My configure changes only format.class as following:
- io.confluent.connect.sftp.sink.format.avro.AvroFormat - Success
- io.confluent.connect.sftp.sink.format.json.JsonFormat - Success
- io.confluent.connect.sftp.sink.format.parquet.ParquetFormat - Failed
- io.confluent.connect.sftp.sink.format.csv.CsvFormat - Success
- io.confluent.connect.sftp.sink.format.tsv.TsvFormat - Success
How to configure SFTP sink connector to write data as Parquet format?
When configured format.class as io.confluent.connect.sftp.sink.format.parquet.ParquetFormat and expected output file as Parquet then got an error as following:
ERROR [TEST_SFTP_SINK|task-0] Error closing writer for TEST_DATA-0. Error: java.io.IOException: The file being written is in an invalid state.
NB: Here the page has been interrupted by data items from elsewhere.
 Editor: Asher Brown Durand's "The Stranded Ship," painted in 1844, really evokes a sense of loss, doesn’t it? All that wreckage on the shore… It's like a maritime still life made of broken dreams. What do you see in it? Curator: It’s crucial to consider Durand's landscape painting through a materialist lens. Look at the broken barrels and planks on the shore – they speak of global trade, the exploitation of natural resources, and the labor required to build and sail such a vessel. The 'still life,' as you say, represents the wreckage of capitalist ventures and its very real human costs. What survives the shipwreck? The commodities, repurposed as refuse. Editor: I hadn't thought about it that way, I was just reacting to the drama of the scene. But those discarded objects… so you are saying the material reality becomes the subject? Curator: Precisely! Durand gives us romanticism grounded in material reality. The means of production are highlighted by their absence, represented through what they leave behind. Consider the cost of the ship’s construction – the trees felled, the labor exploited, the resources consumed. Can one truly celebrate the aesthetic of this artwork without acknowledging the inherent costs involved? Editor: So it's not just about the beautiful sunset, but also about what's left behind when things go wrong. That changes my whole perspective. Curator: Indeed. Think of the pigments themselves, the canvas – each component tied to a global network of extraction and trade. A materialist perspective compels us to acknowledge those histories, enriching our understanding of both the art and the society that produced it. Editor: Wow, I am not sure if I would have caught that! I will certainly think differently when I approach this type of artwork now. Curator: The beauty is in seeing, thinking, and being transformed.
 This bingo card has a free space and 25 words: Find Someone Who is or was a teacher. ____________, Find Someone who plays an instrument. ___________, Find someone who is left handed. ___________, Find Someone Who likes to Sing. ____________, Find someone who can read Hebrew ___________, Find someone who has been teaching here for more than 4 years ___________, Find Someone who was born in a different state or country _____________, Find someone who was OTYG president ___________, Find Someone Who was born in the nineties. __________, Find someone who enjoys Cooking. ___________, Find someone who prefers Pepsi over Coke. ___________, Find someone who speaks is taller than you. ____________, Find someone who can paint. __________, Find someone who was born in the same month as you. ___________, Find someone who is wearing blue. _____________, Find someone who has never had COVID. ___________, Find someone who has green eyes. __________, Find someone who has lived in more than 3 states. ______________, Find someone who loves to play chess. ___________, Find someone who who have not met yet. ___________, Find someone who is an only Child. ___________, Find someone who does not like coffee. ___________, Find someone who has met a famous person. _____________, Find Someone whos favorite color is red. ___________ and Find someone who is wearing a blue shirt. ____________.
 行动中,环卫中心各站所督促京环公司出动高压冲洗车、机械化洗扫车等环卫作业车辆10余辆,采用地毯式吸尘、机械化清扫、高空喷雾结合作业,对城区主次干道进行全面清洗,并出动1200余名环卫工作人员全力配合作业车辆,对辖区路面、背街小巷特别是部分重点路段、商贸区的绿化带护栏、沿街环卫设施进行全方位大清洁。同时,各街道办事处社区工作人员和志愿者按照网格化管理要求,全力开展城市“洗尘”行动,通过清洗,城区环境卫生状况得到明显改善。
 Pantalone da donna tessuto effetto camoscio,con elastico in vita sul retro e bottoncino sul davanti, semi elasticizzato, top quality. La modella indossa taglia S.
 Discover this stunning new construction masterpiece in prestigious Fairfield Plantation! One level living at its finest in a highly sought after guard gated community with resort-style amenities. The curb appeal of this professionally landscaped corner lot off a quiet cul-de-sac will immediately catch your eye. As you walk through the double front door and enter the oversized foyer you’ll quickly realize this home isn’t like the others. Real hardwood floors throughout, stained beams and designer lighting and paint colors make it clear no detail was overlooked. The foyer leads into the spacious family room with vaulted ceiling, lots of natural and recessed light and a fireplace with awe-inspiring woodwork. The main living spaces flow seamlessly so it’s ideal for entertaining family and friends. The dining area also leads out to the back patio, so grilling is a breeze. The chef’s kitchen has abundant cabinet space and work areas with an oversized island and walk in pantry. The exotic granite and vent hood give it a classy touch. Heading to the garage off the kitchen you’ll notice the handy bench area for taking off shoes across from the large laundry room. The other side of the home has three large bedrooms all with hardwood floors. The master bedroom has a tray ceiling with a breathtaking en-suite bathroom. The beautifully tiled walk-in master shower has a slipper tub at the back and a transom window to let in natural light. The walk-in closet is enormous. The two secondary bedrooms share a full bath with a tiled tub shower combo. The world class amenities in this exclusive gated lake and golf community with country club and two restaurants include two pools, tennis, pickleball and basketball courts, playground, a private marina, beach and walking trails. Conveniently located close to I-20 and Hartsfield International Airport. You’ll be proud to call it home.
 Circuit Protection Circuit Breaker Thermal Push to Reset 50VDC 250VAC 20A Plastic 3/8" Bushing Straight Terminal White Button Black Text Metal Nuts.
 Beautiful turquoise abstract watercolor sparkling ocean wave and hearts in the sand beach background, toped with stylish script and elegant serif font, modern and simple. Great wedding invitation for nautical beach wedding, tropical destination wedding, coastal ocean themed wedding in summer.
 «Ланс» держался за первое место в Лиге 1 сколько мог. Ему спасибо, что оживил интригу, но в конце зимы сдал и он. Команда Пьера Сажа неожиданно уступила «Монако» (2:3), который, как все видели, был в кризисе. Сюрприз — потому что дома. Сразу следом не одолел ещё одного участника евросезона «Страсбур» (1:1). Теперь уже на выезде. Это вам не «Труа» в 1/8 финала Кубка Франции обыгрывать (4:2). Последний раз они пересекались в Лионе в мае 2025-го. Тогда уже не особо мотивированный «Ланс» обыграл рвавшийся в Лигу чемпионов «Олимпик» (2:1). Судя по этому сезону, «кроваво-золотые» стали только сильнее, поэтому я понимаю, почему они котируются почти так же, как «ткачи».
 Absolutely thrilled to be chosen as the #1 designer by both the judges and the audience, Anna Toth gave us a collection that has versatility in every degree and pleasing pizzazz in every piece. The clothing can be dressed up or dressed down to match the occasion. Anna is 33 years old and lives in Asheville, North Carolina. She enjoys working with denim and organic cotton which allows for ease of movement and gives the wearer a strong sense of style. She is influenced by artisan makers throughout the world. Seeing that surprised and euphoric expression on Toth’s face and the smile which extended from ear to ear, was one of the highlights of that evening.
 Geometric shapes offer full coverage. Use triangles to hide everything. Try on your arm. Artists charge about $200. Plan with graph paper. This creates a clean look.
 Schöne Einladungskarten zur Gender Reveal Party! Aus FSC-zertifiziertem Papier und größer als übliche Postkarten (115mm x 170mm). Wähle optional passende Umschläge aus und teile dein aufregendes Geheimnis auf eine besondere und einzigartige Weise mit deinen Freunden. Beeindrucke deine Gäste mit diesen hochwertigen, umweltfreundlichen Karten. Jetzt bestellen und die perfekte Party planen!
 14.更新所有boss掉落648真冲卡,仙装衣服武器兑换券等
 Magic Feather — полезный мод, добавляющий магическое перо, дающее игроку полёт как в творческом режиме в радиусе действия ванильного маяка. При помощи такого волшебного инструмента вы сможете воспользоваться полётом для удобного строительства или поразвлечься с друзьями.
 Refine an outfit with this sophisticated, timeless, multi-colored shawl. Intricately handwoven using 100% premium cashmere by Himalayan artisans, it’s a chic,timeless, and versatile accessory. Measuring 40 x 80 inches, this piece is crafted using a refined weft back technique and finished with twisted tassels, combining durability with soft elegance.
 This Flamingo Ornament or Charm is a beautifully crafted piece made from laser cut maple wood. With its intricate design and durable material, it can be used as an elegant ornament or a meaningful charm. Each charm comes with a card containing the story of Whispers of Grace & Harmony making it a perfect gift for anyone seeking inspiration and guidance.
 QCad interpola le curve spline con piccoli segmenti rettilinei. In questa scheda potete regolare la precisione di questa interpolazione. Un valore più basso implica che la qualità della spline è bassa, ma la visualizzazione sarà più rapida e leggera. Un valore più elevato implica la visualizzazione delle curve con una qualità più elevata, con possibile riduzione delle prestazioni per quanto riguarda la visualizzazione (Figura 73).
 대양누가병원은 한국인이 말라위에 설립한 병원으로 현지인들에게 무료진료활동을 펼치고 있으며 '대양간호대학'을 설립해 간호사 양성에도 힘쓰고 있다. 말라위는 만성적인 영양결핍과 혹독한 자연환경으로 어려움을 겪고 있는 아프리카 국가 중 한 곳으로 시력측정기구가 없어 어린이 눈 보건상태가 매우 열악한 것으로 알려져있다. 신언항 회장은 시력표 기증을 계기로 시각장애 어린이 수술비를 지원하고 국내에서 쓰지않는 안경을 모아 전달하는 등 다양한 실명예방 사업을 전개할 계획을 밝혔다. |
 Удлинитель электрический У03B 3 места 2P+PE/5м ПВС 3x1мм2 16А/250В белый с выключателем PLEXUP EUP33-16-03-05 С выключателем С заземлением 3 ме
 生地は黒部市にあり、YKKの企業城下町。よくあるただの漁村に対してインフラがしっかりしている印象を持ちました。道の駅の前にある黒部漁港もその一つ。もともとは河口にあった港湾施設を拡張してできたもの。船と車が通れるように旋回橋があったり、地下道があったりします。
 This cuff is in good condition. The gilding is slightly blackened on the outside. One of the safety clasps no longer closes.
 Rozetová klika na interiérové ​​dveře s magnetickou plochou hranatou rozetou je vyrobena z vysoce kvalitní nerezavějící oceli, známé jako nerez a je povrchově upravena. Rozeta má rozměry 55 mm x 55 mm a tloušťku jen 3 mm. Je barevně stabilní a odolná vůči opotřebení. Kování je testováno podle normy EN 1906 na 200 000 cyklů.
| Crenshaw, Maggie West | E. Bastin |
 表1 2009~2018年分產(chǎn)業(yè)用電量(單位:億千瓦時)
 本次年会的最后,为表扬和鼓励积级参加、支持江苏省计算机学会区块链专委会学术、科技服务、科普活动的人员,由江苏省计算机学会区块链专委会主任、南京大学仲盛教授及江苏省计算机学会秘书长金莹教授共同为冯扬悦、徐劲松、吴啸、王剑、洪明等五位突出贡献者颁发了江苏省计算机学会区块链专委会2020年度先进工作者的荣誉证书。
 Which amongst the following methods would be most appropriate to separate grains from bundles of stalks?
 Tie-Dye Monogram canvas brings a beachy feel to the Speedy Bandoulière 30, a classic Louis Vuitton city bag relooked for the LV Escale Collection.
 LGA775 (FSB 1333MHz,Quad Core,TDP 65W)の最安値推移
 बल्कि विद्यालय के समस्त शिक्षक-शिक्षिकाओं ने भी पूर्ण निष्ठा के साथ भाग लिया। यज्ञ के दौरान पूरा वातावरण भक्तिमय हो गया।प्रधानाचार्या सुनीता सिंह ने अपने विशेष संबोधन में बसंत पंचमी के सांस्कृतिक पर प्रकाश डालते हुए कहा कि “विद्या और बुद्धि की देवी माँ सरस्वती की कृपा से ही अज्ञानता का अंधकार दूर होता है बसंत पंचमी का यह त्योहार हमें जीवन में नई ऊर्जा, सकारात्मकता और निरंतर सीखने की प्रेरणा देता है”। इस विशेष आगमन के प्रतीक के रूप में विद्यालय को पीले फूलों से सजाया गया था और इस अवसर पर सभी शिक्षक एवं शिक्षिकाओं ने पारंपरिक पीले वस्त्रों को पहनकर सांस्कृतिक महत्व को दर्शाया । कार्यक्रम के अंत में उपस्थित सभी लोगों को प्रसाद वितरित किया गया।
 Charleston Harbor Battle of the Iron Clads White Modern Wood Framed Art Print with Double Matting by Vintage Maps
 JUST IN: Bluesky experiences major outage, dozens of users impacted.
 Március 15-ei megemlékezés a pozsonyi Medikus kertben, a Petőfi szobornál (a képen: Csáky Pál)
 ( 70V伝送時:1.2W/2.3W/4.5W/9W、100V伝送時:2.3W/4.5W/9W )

Probably caused by an error thrown previously. Current state: BLOCK (io.confluent.connect.sftp.sink.SftpSinkTask:199)
ERROR [TEST_SFTP_SINK |task-0] WorkerSinkTask{id= TEST_SFTP_SINK-0} Task threw an uncaught and unrecoverable exception. Task is being killed and will not recover until manually restarted (org.apache.kafka.connect.runtime.WorkerTask:221)
org.apache.kafka.connect.errors.ConnectException: Exiting WorkerSinkTask due to unrecoverable exception.
at org.apache.kafka.connect.runtime.WorkerSinkTask.deliverMessages(WorkerSinkTask.java:625)
at org.apache.kafka.connect.runtime.WorkerSinkTask.poll(WorkerSinkTask.java:337)
at org.apache.kafka.connect.runtime.WorkerSinkTask.iteration(WorkerSinkTask.java:238)
at org.apache.kafka.connect.runtime.WorkerSinkTask.execute(WorkerSinkTask.java:207)
at org.apache.kafka.connect.runtime.WorkerTask.doRun(WorkerTask.java:213)
at org.apache.kafka.connect.runtime.WorkerTask.run(WorkerTask.java:268)
at org.apache.kafka.connect.runtime.isolation.Plugins.lambda$withClassLoader$1(Plugins.java:181)
at java.base/java.util.concurrent.Executors$RunnableAdapter.call(Executors.java:539)
at java.base/java.util.concurrent.FutureTask.run(FutureTask.java:264)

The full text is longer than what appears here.